Here, when the heater 42 is energized, the heat from the heater 42 is transmitted to the processing waste liquid L of the evaporating dish 24 via the tray 22 and the evaporating dish 24. This allows
Some of the components (moisture and the like) of the processing waste liquid L evaporate and become vapor in the housing 20, and the processing waste liquid L is gradually concentrated.

The volume of the treated waste liquid L is reduced by concentration, and the concentrated portion accumulates at the bottom of the evaporating dish 24. Since the heater 42 is attached to the bottom plate 22B of the tray 22, the heater 42 always faces the processing waste liquid L in the evaporating dish 24 even when the volume of the processing waste liquid L is reduced in this manner. For this reason, the heat transfer area from the high temperature side of the heater 42 to the processing waste liquid L is kept constant without reduction, and the heat transfer efficiency is also kept constant.

As described above, even if the volume of the processing waste liquid L is reduced due to concentration, the heat of the heater 42 can be constantly supplied without wasting heat, so that the processing waste liquid L can be further concentrated. And finally dried (solidified by drying).

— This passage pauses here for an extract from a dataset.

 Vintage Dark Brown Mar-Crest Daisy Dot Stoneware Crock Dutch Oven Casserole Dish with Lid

On the other hand, the vapor in the housing 20 is condensed by the condensing fins 4 whose temperature is lowered by the low temperature side of the Peltier element 48.
4 and adhere to the inner surface of the housing 20 to be aggregated and collected in the housing 20 as the recovered water W.

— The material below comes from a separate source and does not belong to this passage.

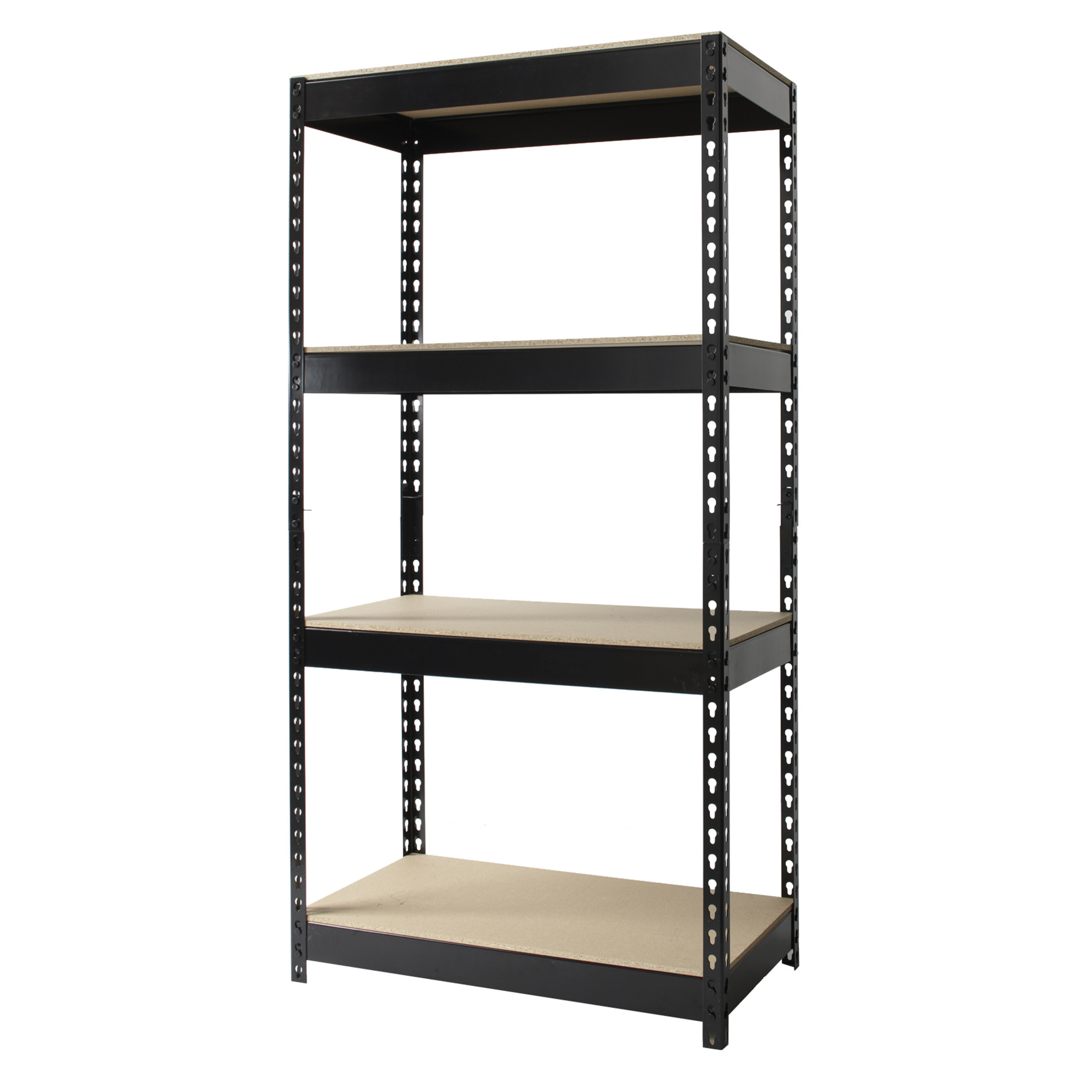 Rivet shelving is designed for heavy-duty use. The boltless design allows for quick and easy assembly. The powder coated finish is rust resistant and durable. The shelving unit can be assembled either horizontally or vertically, depending on your storage needs. Each unit includes rugged particle board shelves. Steel four-shelf unit holds a total capacity of 3,800 lb. evenly distributed. Assemble with a rubber mallet in less than 30 minutes. Shelving is made of heavy-duty riveted steel construction. Color: Black

Here, in a state where moisture is evaporated from the processing waste liquid L in the evaporating dish 24 (that is, a state where the processing waste liquid L is not yet dried), high-temperature steam touches the condensing fins 44. Because of the warming, the surface temperature of the condensing fins 44 is maintained higher than in the case where the steam is not touched. When the state where the temperature of the aggregation fins 44 is high is detected by the temperature sensor 45 as described above, the control device 23 continues energizing the heater 42.

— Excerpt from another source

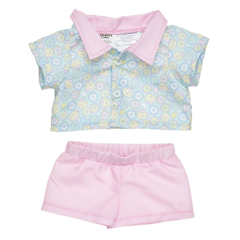 This two-piece Pompompurin™ plush outfit includes a button-up shirt and matching pink pants. The colorful collared shirt features a pastel donut pattern with Pompompurin™ sprinkled throughout!

When the processing waste liquid L in the evaporating dish 24 approaches a dry state and the amount of vapor to be evaporated decreases, the temperature of the coagulation fins 44 due to the vapor is eliminated and the coagulation fins 4 are removed.
The surface temperature of No. 4 drops rapidly. When this temperature decrease is detected by the temperature sensor 45, the control device 23 stops energizing the heater 42 after a predetermined time necessary to completely dry the processing waste liquid L has elapsed.

As described above, the end point of the heating of the processing waste liquid L, that is, the end point of the power supply to the heater 42, is measured by measuring the temperature decrease of the aggregation fins 44 due to the decrease in the amount of steam from the processing waste liquid L. Can be matched with the time when the processing waste liquid L is dried, so that the heating is continued after the processing waste liquid L is dried, or conversely, the heating is stopped before the processing waste liquid L is dried. Nothing. In addition, it is not affected by the type of the processing waste liquid L or the surrounding atmosphere (temperature and humidity around the housing 20). Therefore, the processing waste liquid L can be surely dried to a minimum with the necessary energy consumption without wasting energy.

By repeating such drying of the processing waste liquid L a plurality of times, the dried processing waste liquid L is accumulated in the evaporating dish 24.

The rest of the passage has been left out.